Been quiet for a while, been busy though! Between work, kids, doing a kitchen renovation (almost done!) and 4 dogs...been so busy! 
I have been out of the ring for a while due to pregnancies, litters, and weather (so glad spring is here!). We are signed up to start showing and heading to the Potomac Valley Golden Club's speciality. We are only going April 11th as I couldn't get off work for the 10th too. It's being held in Westminster, MD. 
This year they are doing a 4-6 month puppy competition so I am bringing along Daisy (she will be almost 14 months old) as well as Chase and Paddy (two pups from my last litter who are 5 months old). My breeder is going to show Paddy for me because it sounds like they aren't separating by sex. I am doing it for practice for them because of lack of matches and I really need to get them out and about used to the show environments. 
The weekend before their is a match show in my state so planning on doing that as well..but figured I would see if anyone on here may be attending the speciality and we could meet up! Not sure yet what time this will be happening, but probably will find out next week as the show closes this Wednesday. 
Feel free to respond here or PM me! Hope someone will be there besides me!


----------



## SheetsSM (Jan 17, 2008)

I'll be there as a spectator


----------



## OnMyWay2MyDreams (Feb 13, 2011)

SheetsSM said:


> I'll be there as a spectator


We will need to meet up!


----------



## CarolinaCasey (Jun 1, 2007)

I'll be there with my boy and a puppy boy that I co own!


----------



## OnMyWay2MyDreams (Feb 13, 2011)

CarolinaCasey said:


> I'll be there with my boy and a puppy boy that I co own!

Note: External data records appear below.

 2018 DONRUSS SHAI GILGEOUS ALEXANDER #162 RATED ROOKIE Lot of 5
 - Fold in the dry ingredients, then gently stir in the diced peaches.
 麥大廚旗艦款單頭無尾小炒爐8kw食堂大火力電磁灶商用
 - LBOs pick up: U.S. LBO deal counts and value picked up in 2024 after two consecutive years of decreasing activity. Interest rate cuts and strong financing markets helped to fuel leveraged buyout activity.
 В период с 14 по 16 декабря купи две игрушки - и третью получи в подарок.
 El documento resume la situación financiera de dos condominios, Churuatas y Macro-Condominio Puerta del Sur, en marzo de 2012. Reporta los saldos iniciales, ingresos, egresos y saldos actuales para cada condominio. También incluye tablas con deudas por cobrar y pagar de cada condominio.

Oh cool! Are you doing the 4-6 month competition or is it an older puppy? I cant remember how old yours are now!


----------



## CarolinaCasey (Jun 1, 2007)

OnMyWay2MyDreams said:


> Oh cool! Are you doing the 4-6 month competition or is it an older puppy? I cant remember how old yours are now!

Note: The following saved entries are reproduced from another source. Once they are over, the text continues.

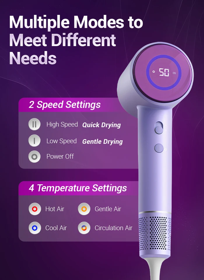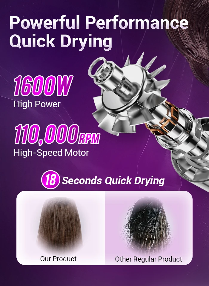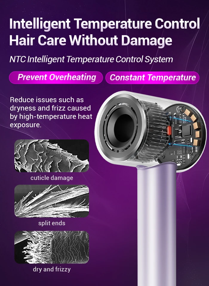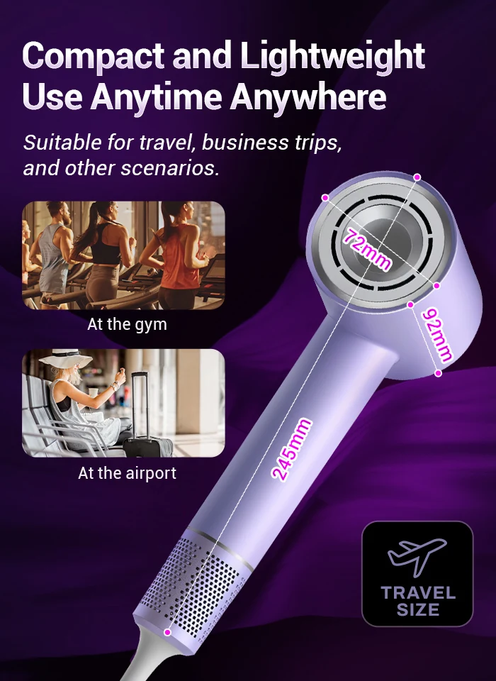 TQ-D3 Asciugacapelli professionale viola agli ioni negativi – 110K giri/min ad alta velocità, ultra silenzioso e controllo termostatico per la cura dei capelli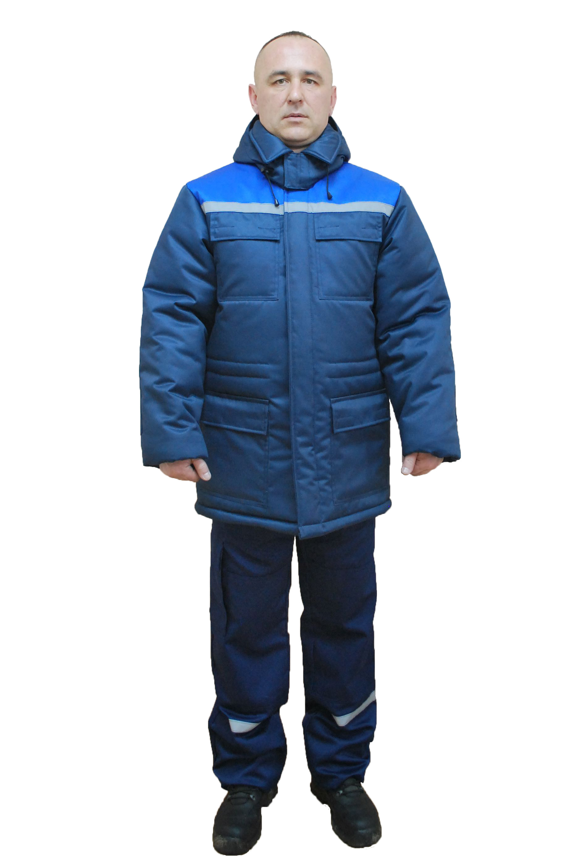 Куртка: съёмный капюшон на пуговицах, потайная застёжка на пуговицах, СВ полосы, регулировка объёма потайной кулисой, усилительные накладки в области локтей, накладные карманы с клапанами на липучках.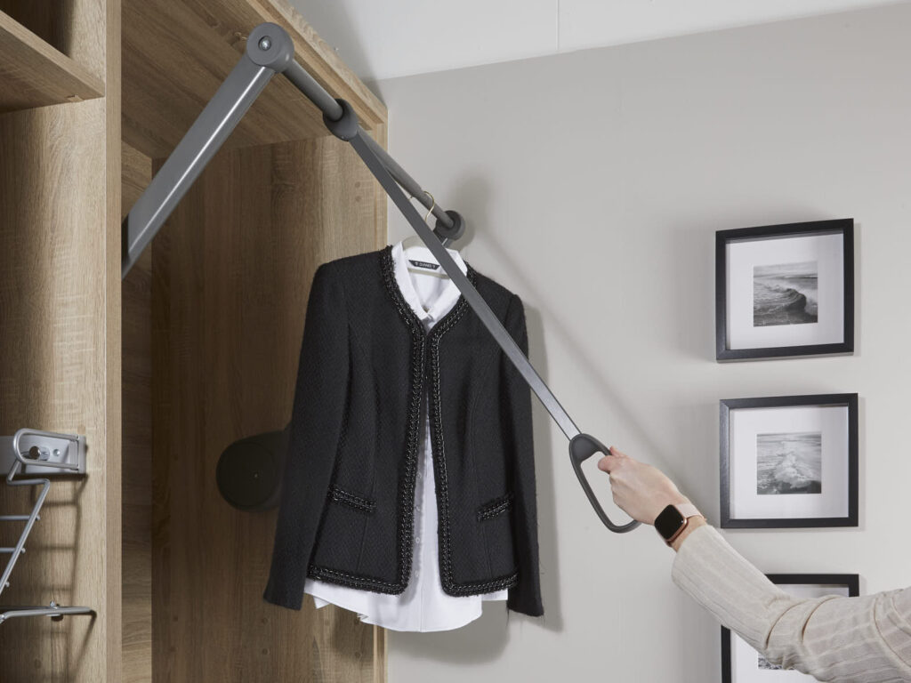 For now, her eight-year-old, who is very good at keeping her room tidy, but can’t reach the hanging rail, hooks garments onto the wardrobe door pulls and door handles.
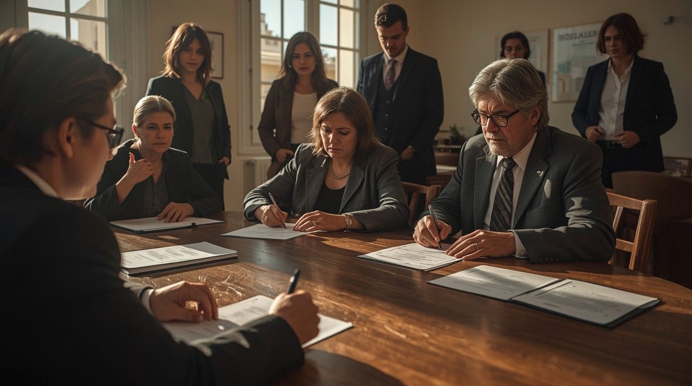 По прилёте в Аликанте мы поселились на одну ночь в отеле. На следующий день агент за нами заехала и доставила нас к нотариусу в Бенидорм. Там собралась куча народу: я, 2 агента (мой и продавца), продавец со своим сыном, представители банка с обеих сторон, нотариус и помощник. Хорошо, что мои решили не толпиться и пошли погулять по пляжу.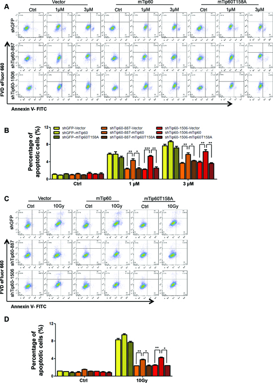 Figure 5: Tip60 is required for apoptosis induction in response to DNA damage. (A–B) U2OS cells transduced with shRNA for GFP (shGFP) or Tip60 (shTip60-887 or -1506) were treated with 1 μM or 3 μM of Dox for 24 h (A) or 10 Gy of γ-radiation followed by incubation for 24 h (B). Cells were collected, stained with an FITC-conjugated anti-Annexin-V antibody and FVD eFlour 660 and analyzed by FACS. (C–D) Quantification and statistical analysis of the data in A (C) or B (D). The percentage of apoptotic cells was quantified as the percentage of FITC-positive cells in the gated area. Values are mean ± SEM for triplicates.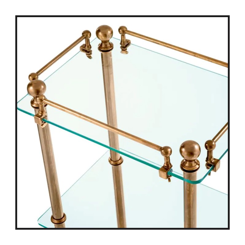 with vintage brass finish offers storage and style.

My youngest is an open dog, he'll be 2 in April!! The boy that I co own is also a Gibbs son who will be 6 months and a few days old.


----------



## OnMyWay2MyDreams (Feb 13, 2011)

Oh neat. Cant wait! Will you be doing Gunpowder on the 17th and coming to Delaware for Chesapeake's speciality?


----------



## SheetsSM (Jan 17, 2008)

I saw the premium, but is there an actual schedule out w/ ring times?


----------



## CarolinaCasey (Jun 1, 2007)

Here you go, ring times


----------



## OnMyWay2MyDreams (Feb 13, 2011)

I am so excited for this weekend! I didnt enter sweeps (kind of glad because of how early that starts) but will be there hopefully by 9:30 as the puppy competition starts at 10:30. Daisy won't be showing until after lunch. She has 10 other dogs to compete against! 

I missed entering Gunpowder but I am doing Wilmington Kennel Club shows for all day Saturday (including the Chesapeake GR club speciality) and Sunday.


----------



## SheetsSM (Jan 17, 2008)

CarolinaCasey, I think I met you at the end of the day if it was the same Jasper I was loving' on w/ the Ruffwater group at the crates. Awesome to meet the breeders & dogs I read about here on the forum. Looking forward to tomorrow


----------